Engineering practice shows that construction activities can significantly amplify deformation in soft-soil coastal settings. Large-scale open-cut excavation and deep dewatering disturb the in situ stress and pore-pressure fields, leading to base heave, wall deflection and accelerated consolidation of underlying soft layers [
11,
12]. For shield or frozen-soil tunnelling, frost heave and thaw settlement may further contribute to differential deformation of the lining and surrounding ground [
13]. In coastal zones subject to intense monsoonal rainfall, the interaction between construction-induced pore-pressure changes and rainfall-driven groundwater fluctuations can give rise to delayed and cumulative settlement responses, yet these coupled mechanisms are still poorly quantified for many estuarine projects [
14,
15]. Traditional geodetic techniques such as spirit leveling and GNSS provide millimeter-level point measurements, but they are difficult to deploy densely along multi-kilometre corridors crossing rivers, reclaimed platforms and built-up areas, and thus cannot fully capture the spatially continuous and temporally evolving deformation patterns.
Over the past two decades, multi-temporal interferometric synthetic aperture radar (MT-InSAR) has emerged as a powerful tool for wide-area monitoring of slow ground deformation with millimeter accuracy [
16,
17,
18]. Time-series InSAR techniques such as the small baseline subset (SBAS) and persistent scatterer interferometry (PS-InSAR) have been extensively reviewed and continuously improved in terms of pixel selection strategies, baseline configuration, deformation modelling and error mitigation [
19,
20,
21,
22]. Recent advances in tropospheric delay modelling, atmospheric phase screen estimation and big-data processing frameworks have further enhanced the reliability of MT-InSAR products over large regions [
23]. With the routine acquisition of Sentinel-1 data, long time series of C-band SAR images are now freely available, enabling operational deformation monitoring for infrastructure management at regional to national scales [
24]. Previous studies have compared Sentinel-1 time-series InSAR (PSI/SBAS) results with independent geodetic measurements (e.g., GNSS and leveling) and reported good agreement, supporting the use of Sentinel-1 InSAR for infrastructure deformation monitoring [
25].
Consequently, MT-InSAR has been increasingly applied to monitor deformation of transportation and hydraulic infrastructures founded on soft soils.
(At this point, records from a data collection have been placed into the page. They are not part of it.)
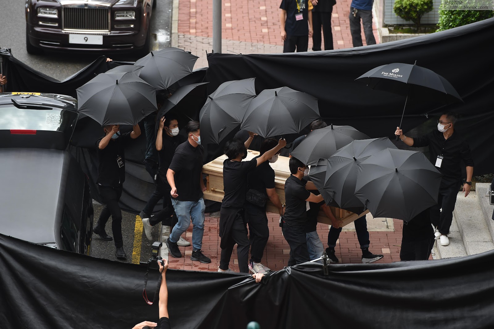 早上約10點45分左右,西式靈車來到現場,由於陳木勝的家屬十分低調,不欲曝光,故事前大批工作人員架起接近兩米黑布,圍住教堂門口,造成通道,給家屬進入。現場所見,陳木勝兒子捧住遺照落車,全程工作人員舉起黑傘遮掩,其他家屬進場時,亦舉起傘陣,之後其象牙色木紋的靈柩,由多位工作人員合力抬入教堂。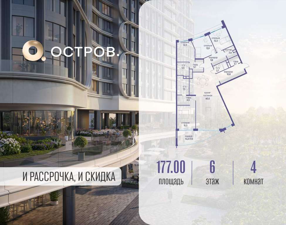 Продаётся 4-комн. квартира от застройщика: общая площадь 177.00 м, жилая 53.80 м, кухня 60.50 м, 6-й этаж, жилой квартал «Остров 7», корпус 5 (секция 1) . Срок сдачи: 3 квартал 2028 года.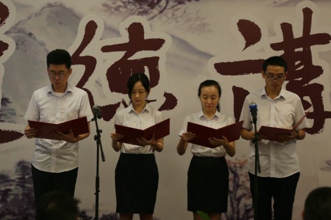 活動(dòng)在悠揚(yáng)的旋律中以廉潔自省的形式拉開了序幕。大家集中觀看了《將改革進(jìn)行到底之黨的自我革新》專題影片,領(lǐng)略了黨中央全面從嚴(yán)治黨的堅(jiān)定決心,并在道德經(jīng)典傳播員的帶領(lǐng)下,一同品味了清代廉臣孫嘉淦為官做人的八項(xiàng)基本準(zhǔn)則《居官八約》。參加人員現(xiàn)場(chǎng)分享了嚴(yán)守道德操守、堅(jiān)持廉潔自律的感悟,同時(shí)大家在主持人的帶領(lǐng)下做了勤政承諾。最后道德講堂為參加人員送上了精心制作的廉政文化折扇,希望在炎炎夏日中為大家送去清風(fēng),傳播廉政文化。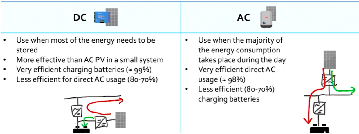 hätt ich eher gemeint, ja. Weil da hast 2 Tracker. 1x Ost, 1xWest Wird nicht der Mega-Vorteil sein, aber schon ein bissl. Außerdem höhere Spannung, was auch ein Vorteil sein sollte. DC-Seite kann nicht "zu viel" für einen Multi sein. Da ist die Batterie das Limit. Der kleine Multi ist nur der Flaschenhals, wenn du viel Leistung aus der Batterie oder vom MPPT MPPT [Maximum Power Point Tracker] Richtung Haus(=AC) schicken willst. ich mag ja deinen Victron-Enthusiasmus, aber nichtsdestotrotz ist meist eine Mischung aus AC-WR (Fronius od. SE) und DC-Laderegler (Victron MPPT MPPT [Maximum Power Point Tracker]) das Optimum: wenn du untertags, wenn die Sonne scheint auch den meisten Verbrauch hast, wär ein AC-WR schon besser. Da vielleicht in die vorgeschlagenen SE-Richtungen denken, und evtl. nur einen recht kleinen MPPT MPPT [Maximum Power Point Tracker] für ein paar Module installieren. Gerne auch erst später nachrüsten. Wenn du aber die Sonnenenergie eher Abends nutzen willst, oder den Notstromfall in den Vordergrund stellst, dann ist die reine DC-PV-Lösung die Richtige. Ich habs eh schon mal gesagt: Eigentlich wärs heutzutage eh schon sinnvoller, wenn das komplette Haus nur auf DC läuft und nur die Netzversorgung bis zum Hausanschluss auf AC. Vielleicht wird das mal standard in den nächsten Jahrzehnten?!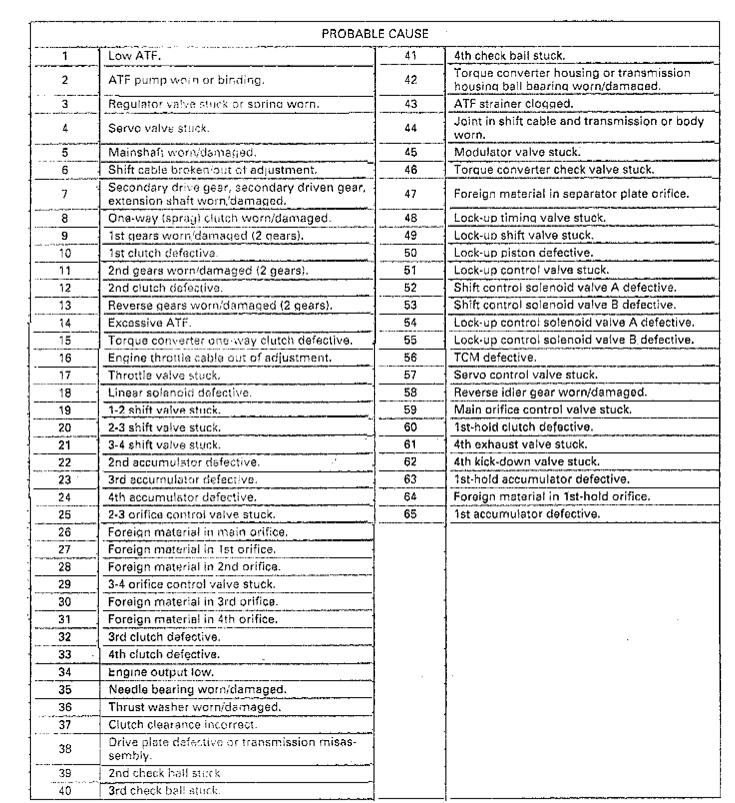 Probable Cause Due to Improper Repair List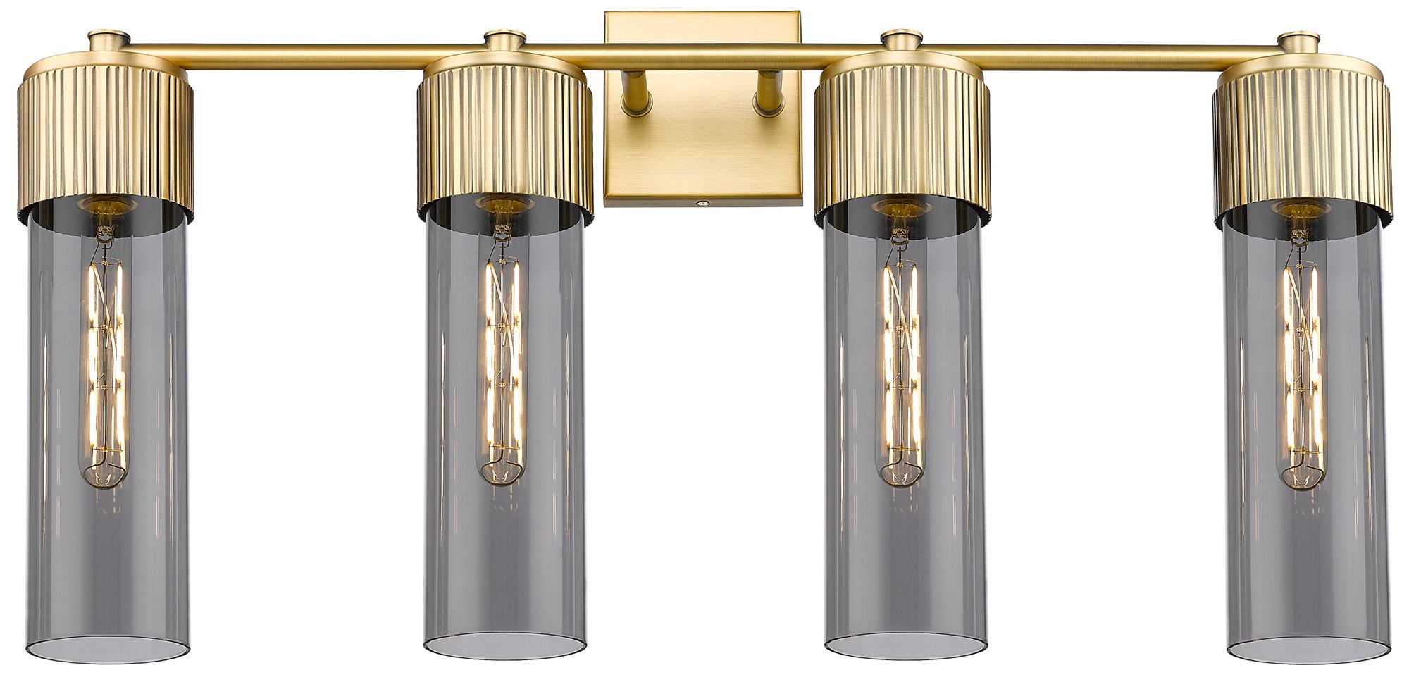 Bolivar 31" Wide 4 Light Brushed Brass Bath Light With Plated Smoke Sh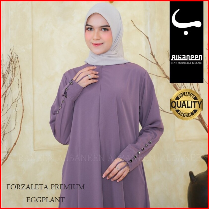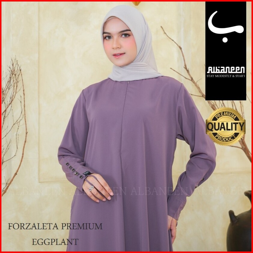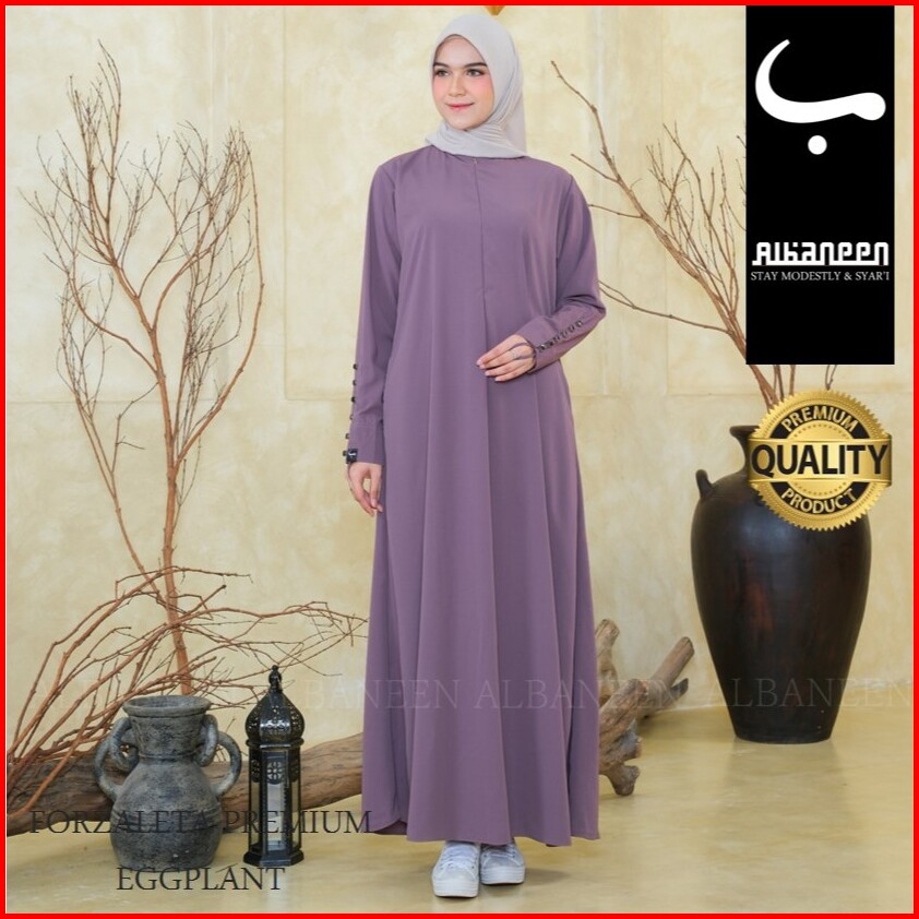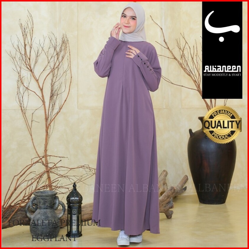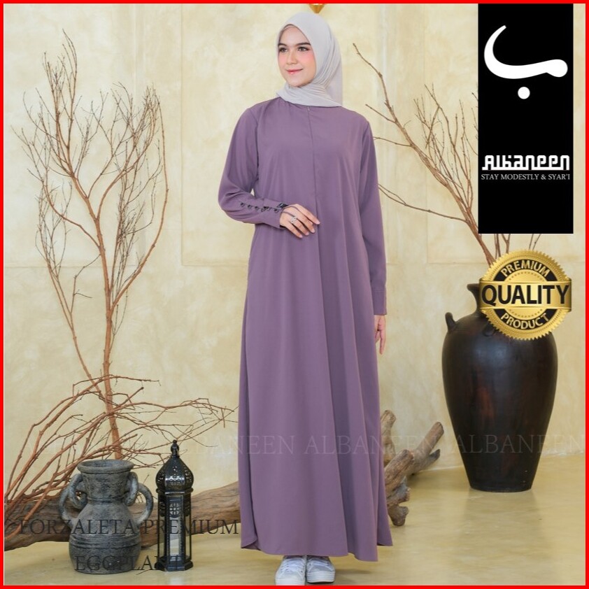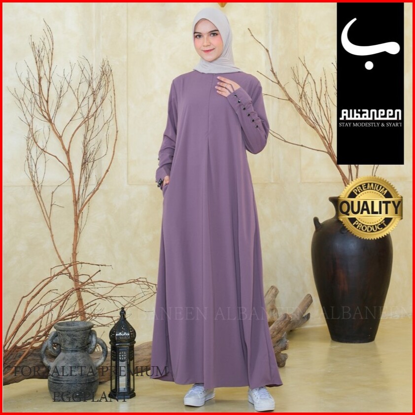 New Albaneen Eggplant Abaya Elegant Gamis Terbaru Albaneen Kancing Tangan Cantik Warna Eggplant 2025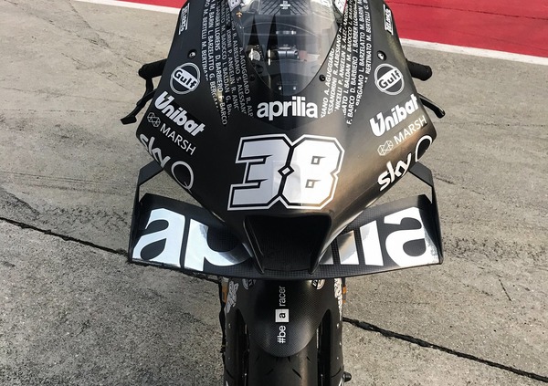 Subito sopra all'enorme appendice aerodinamica, il cupolino della moto il numero 38, quello del collaudatore ufficiale Bradley Smith che la guiderà a partire da domani e fino a martedì, mentre il secondo collaudatore per lo shakedown, Lorenzo Savadori, sarà sicurmente in sella alla RS-GP 19.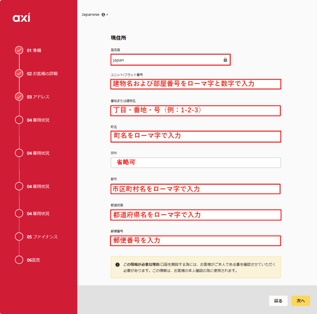 STEP5. 現住所の入力

Case studies have reported detailed subsidence patterns and structural responses for reclaimed coastal airports [
26], highways and embankments [
27], metro systems in large coastal megacities [
28], and hydropower dams and reservoirs [
29]. Several works have also explored integrated frameworks that combine InSAR with LiDAR, GNSS, engineering geological information and machine-learning models to improve the interpretation and prediction of land subsidence in coastal environments [
30,
31]. Nevertheless, most existing applications focus on planar infrastructures such as airports or on buried metro lines within urban plains. Systematic MT-InSAR analyzes dedicated to estuary-crossing tunnels and channels—especially those constructed in thick marine soft soils using combined open-cut and pipe-curtain freezing methods in tropical climates—remain scarce.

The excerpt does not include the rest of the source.